For their second album, Michigan duo Bedroom Ceilings chose to create a concept album of sorts, based around a protagonist who is struggling with the relatable themes of their place in the modern world, their happiness, along with the feelings that they are undeserving of success. These are big existential issues to handle, but the band do it by injecting a healthy dose of their indie-rock sound into confessional lyrics.
The tracks here are constructed in a slightly unusual sense, as is to say it’s not a simple case of (in the words of Kurt Cobain) verse-chorus-verse. These songs are like long diary entries in their structure, so if you’re coming in hoping for a catchy hook, you’re going to be severely disappointed.
The opening is an introduction that’s less a piece of music and more collected layers of static and noise with fragments of spoken words (including snatches of dialogue about creating an album). The first true album track comes in the form of ‘Well-Designed Robot’, a meditation on trying to survive with depression in the world we live in (“Put a pair of goggles on my face / Escape the reality I’m living,” sings lead vocalist Dean Chittenden), partly inspired by Sylvia Plath and her writing (“Sylvia Plath knew it best”). We start with a slight country twang, but soon we’ve moved on to much more indie acoustic territory with strong echoes of The Smiths.

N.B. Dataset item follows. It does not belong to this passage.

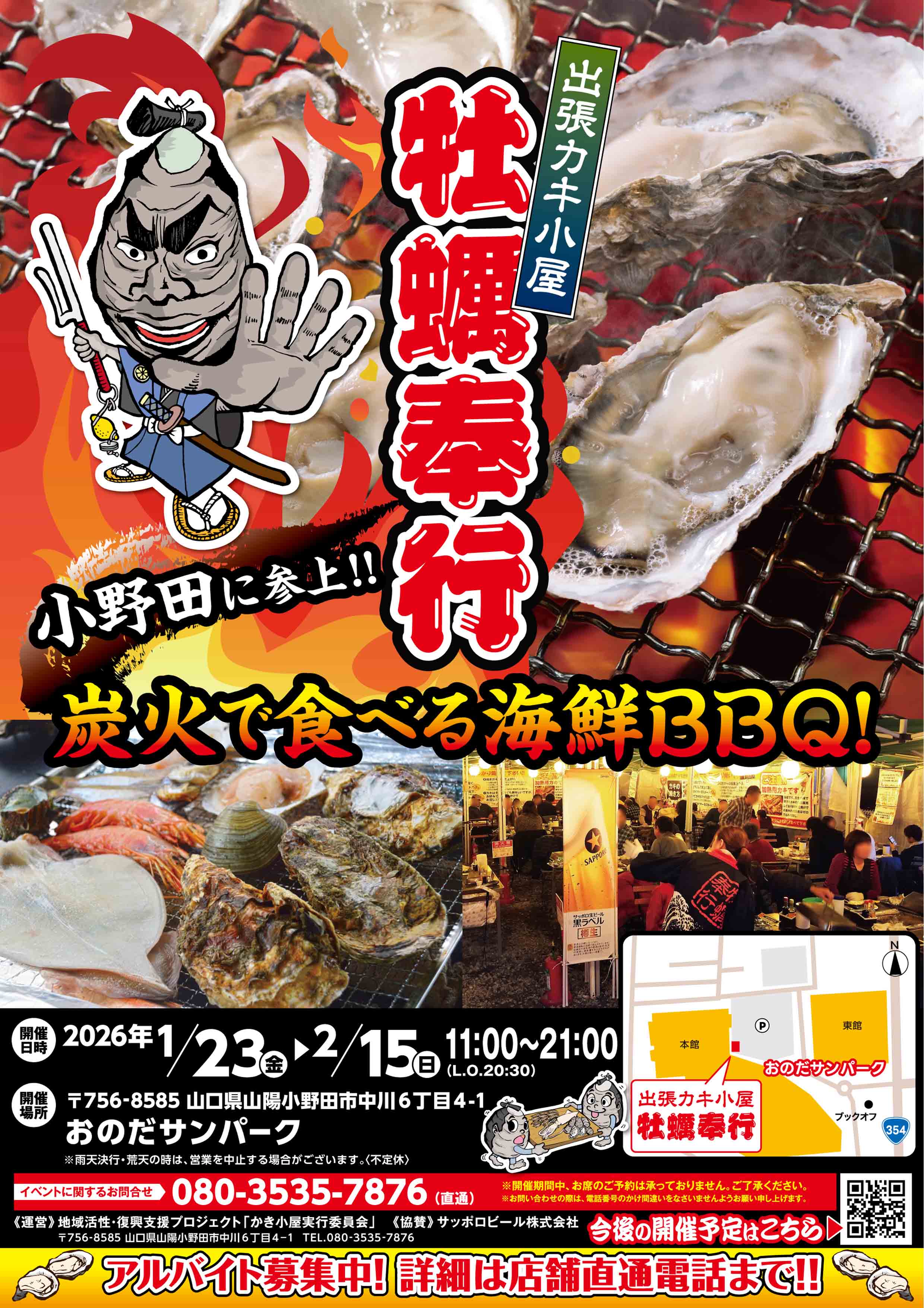 出張カキ小屋「牡蠣奉行」in おのだサンパーク|チラシ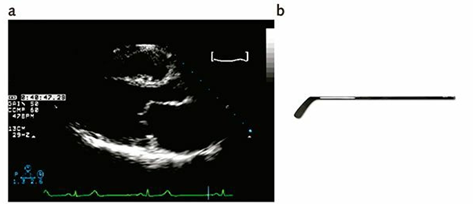 Figura 1 – Janela paraesternal eixo longo ilustrando a cúspide anterior mitral (a) em aspecto de bastão de hóquei (b).

‘Grace is Articulate’, a song about nostalgia, fittingly channels artists like Bright Eyes and Ryan Adams, the kind of performers so many musicians who are now coming of age were influenced by in their formative years. “Grace stayed over held / My safest stuffed animal / We made a fort to sleep in,” sings Chittenden, vocals shaky and raw. ‘Spring Grass’, with its strong baseline and fun musical breakdown, is upbeat even when the theme of the song is seasonal depression.
‘Journal Entry: A Dream’ is pretty much what it says on the tin: a dream that had been noted in Chittenden’s journal that he turned into a song. It has a 60s acoustic folk feel, with Chittenden’s vocals coming in more nasally here, and also some of the richest lyrics on the album: “Snowflakes taste like freedom / When they touch the tip of my tongue / I jump from the balcony / An airplane with no destination / Keep soaring faster / High above peaks of catholic churches”. ‘A Time Traveler Meets Present Day’ is an indie acoustic Ray Kurzweil-style rumination on technology and where it might take us in the future.
The wordily titled ‘Clairvoyance is Never Simple’ is about a loved one of Chittenden’s who doesn’t see as much worth in themselves as he sees in them (“You are the artist I will always to seem love / But you are painting a girl crying into a pillow / Fear that distance constantly pushes me away / But darling, I’m a pendulum swinging back when you’re ready”). The final track is ‘Une Sortie D’urgence’ (that’s French for “an emergency exit”) and the tale it tells of struggles with intimacy is a fitting end to an album that explores a range of difficult human emotions within the modern world.
We could all use some guidance right about now, and Chittenden has said of the album that, “‘Another Bulb Burned Out’ is supposed to teach you how to live again”. While these songs leading to the discovery of a new raison d’etre might be a bit of an ambitious target, they do leave you with plenty to ponder, and perhaps with a feeling of being a little less alone in your struggles, which is a worthy thing indeed.